**DATA EXCERPT**
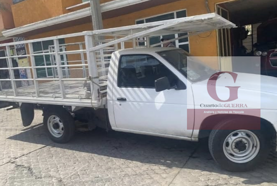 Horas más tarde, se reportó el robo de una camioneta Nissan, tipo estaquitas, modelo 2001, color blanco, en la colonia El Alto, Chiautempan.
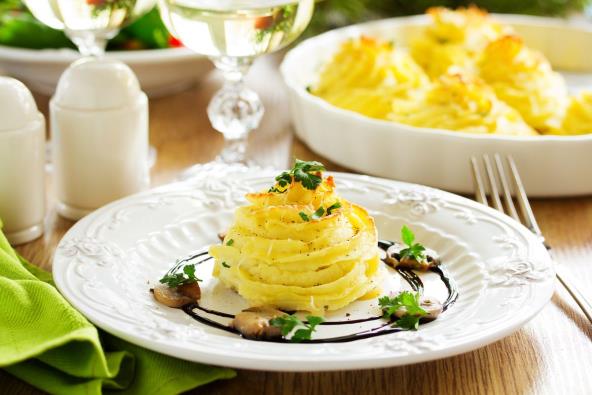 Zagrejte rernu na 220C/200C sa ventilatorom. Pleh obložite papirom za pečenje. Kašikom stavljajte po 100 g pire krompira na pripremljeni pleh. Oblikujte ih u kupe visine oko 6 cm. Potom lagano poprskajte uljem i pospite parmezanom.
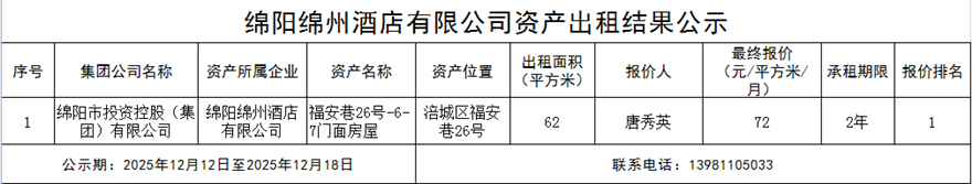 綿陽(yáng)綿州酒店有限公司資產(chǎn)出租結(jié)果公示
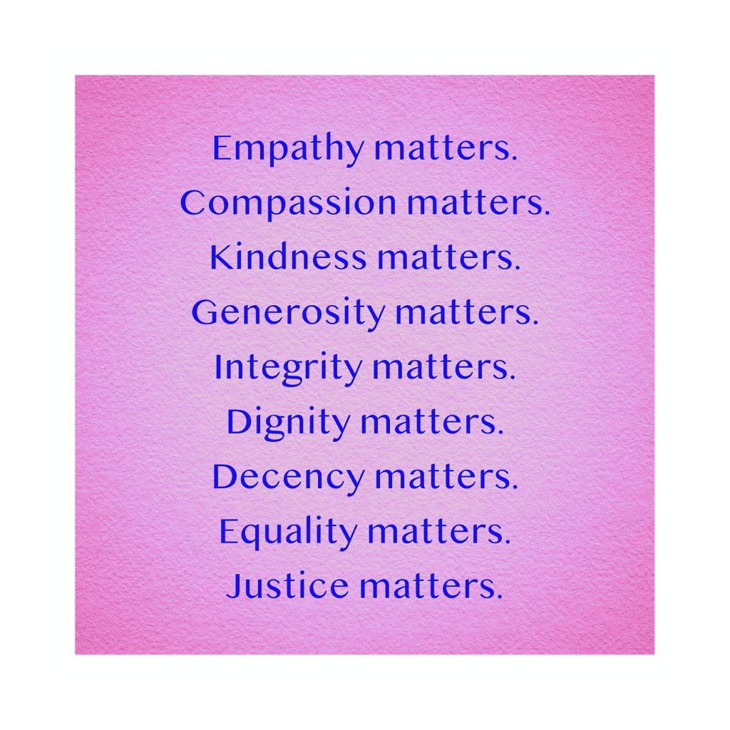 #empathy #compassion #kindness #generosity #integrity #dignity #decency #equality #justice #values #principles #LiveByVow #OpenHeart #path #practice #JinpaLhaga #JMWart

**EXERCISE**
In your output, repeat the listing above exactly and include none of the pictures.

**ANSWER BELOW**
 Horas más tarde, se reportó el robo de una camioneta Nissan, tipo estaquitas, modelo 2001, color blanco, en la colonia El Alto, Chiautempan.
 Zagrejte rernu na 220C/200C sa ventilatorom. Pleh obložite papirom za pečenje. Kašikom stavljajte po 100 g pire krompira na pripremljeni pleh. Oblikujte ih u kupe visine oko 6 cm. Potom lagano poprskajte uljem i pospite parmezanom.
 綿陽(yáng)綿州酒店有限公司資產(chǎn)出租結(jié)果公示
 #empathy #compassion #kindness #generosity #integrity #dignity #decency #equality #justice #values #principles #LiveByVow #OpenHeart #path #practice #JinpaLhaga #JMWart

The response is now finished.